Alec Newman is talking homecomings, a gloriously lyrical tale of lost connections, bonds re-forged and unearthing buried roots.

It's a story which deserves a roaring fire and a nursed whisky or two. Instead, however, we are in the green room of BBC's Waterloo Road set, lounging on an ageing sofa, the intermittent hiss of a kettle in the background. The smell of fresh paint lingers in the air, slightly incongruous against the scuffed red and white linoleum underfoot. Out of the window, behind Newman's head, you can see over the chimney pots of Greenock to the Firth of Clyde beyond.

The actor, who was born in Glasgow but moved to Berkshire aged four, is speaking about a recent road trip with his father. He smiles softly, eyes twinkling. "I'm staying just up the road from where my father lived in Finnieston when he was a baby," he says. "He came to visit me and we ended up doing this impromptu tour in the car. He pointed everything out: 'See that Tesco there? That used to be a picture house. That's the Italian cafe where my brother would take me when I'd been good. That's the church where I went to the Boys Brigade.' He went into this weird trance as we drove round.

"It was lovely to see things through his eyes and hear his memories, because Glasgow has always been a sort of ghostly place for me. I have this strange connection having been born here and with my family being here. It is in me – it is part of where I'm from."

It's a little more than three months since Newman arrived in Scotland to shoot the new series of Waterloo Road. The BBC drama was previously filmed in Yorkshire but relocated to Greenock in April, bringing a £25 million boost to Scotland's television industry.

The move is part of BBC efforts to increase network programming from Scotland. The show, made by Shed Productions, is now in its eighth series and regularly attracts more than six million viewers.
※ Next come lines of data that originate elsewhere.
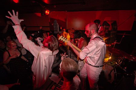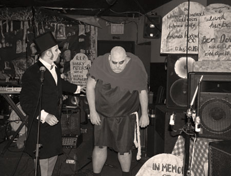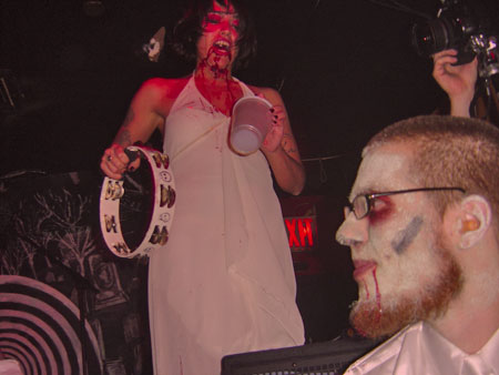 Friday Oct. 20th 2006 A Fancy success or drunken mess...? Fancy Magazine and Go Ape! Records wish to send a monsterous thanks to everyone who came out to the Fancy Haunting & helped make the evening a groin-grabbingly tremendous success. We are eternally grateful to Ghoul A Go-Go's Vlad Tsepis and Creighton for their magical mastery of the ceremony. When was the last time you saw a hunchback wield a live chainsaw in the midst of a densely crowded room of drunkards? Hunchback kicked off a mind-blowing set with special guest vocalist Creighton crooning on Nobody But Me. Amazing! The Brimstones kicked equal ass with a wicked set of their special brew of garage rock and R & B. A great big thanks to the main event, Direct From Hollywood Cemetery. They captivated the congregation and led the sheep to slaughter with a bad-ass batch of blistering tunes. This incredible set was in celebration of the release of their debut 7" EP on Brooklyn's favorite DIY label, Go Ape! Records. Click the lovely Lucretia to get your copy now!
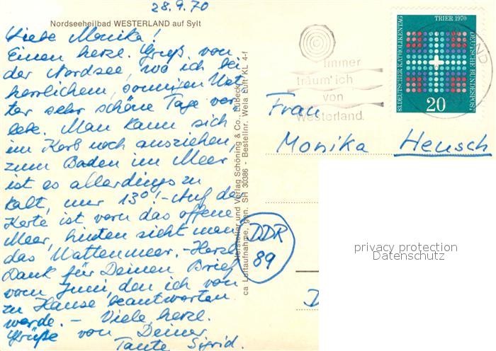 73167501 alte Postkarte Westerland Sylt Fliegeraufnahme Strand postalisch gelaufen Erhaltung siehe scans [KathaD81] KatCode: 11110001054151
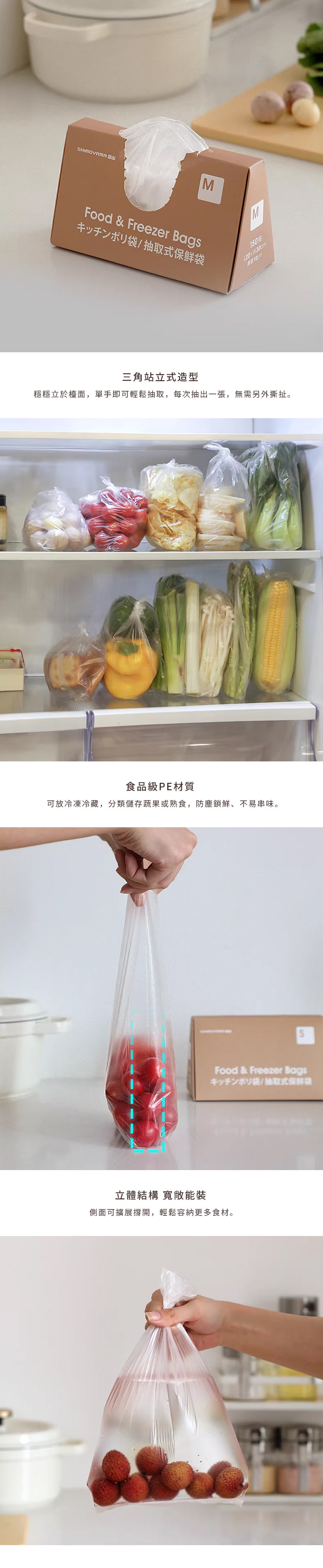尺寸:[保鮮袋]寬20×高30cm、[外盒]長18×寬8×高10.4cm 材質:聚乙烯 耐溫:-30°C ~ 110°C 不適用於:沸水烹煮、微波爐、烤箱 產地:中國 ※尺寸皆為人工測量,誤差±0.2cm屬正常範圍。
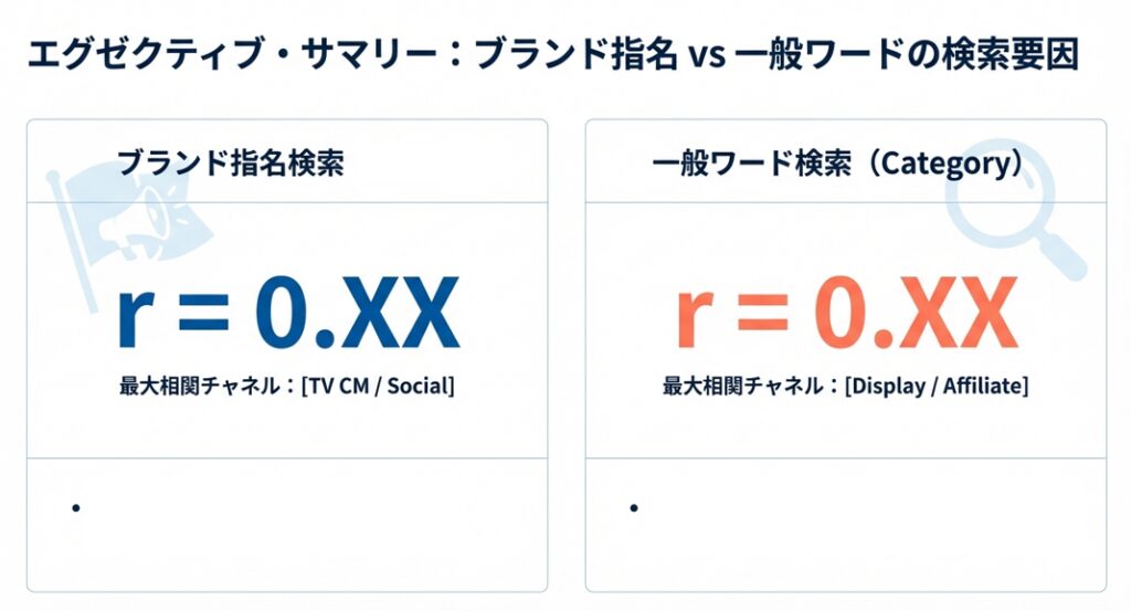 相関係数は「どこを深掘りすべきか」を教えてくれる入口の指標です。 ここから費用効率や指名検索への影響を確認して、初めて予算判断に使える情報になります。

In line with the show's new home in the former Greenock Academy, its storyline will see many of the regular cast leave behind the gritty state comprehensive in Greater Manchester to establish a new independent school in Scotland.

Newman, who is 37, plays headteacher Michael Byrne, a tough and fiery character who made his debut in the series last year. The move sees Michael returning to Scotland after 20 years away – which for Newman has become an uncanny case of life imitating art. "It's been fun for me," he says. "It is a homecoming for Michael and there is that parallel for me too. Of course there's that old thing, because I grew up and live in England, that I'm a sassenach, not the real McCoy. Bring it on. I know where I'm from."

Despite many years spent living in London as well as Los Angeles, an unmistakable Scottish lilt to his voice endures – far from the estuary English twang you might expect. That said, not everyone is quite convinced. "One of the first things a [taxi] driver said to me when I arrived was: 'By the end you'll have a real Scottish accent,'" he says, laughing. "That's a welcome, I think."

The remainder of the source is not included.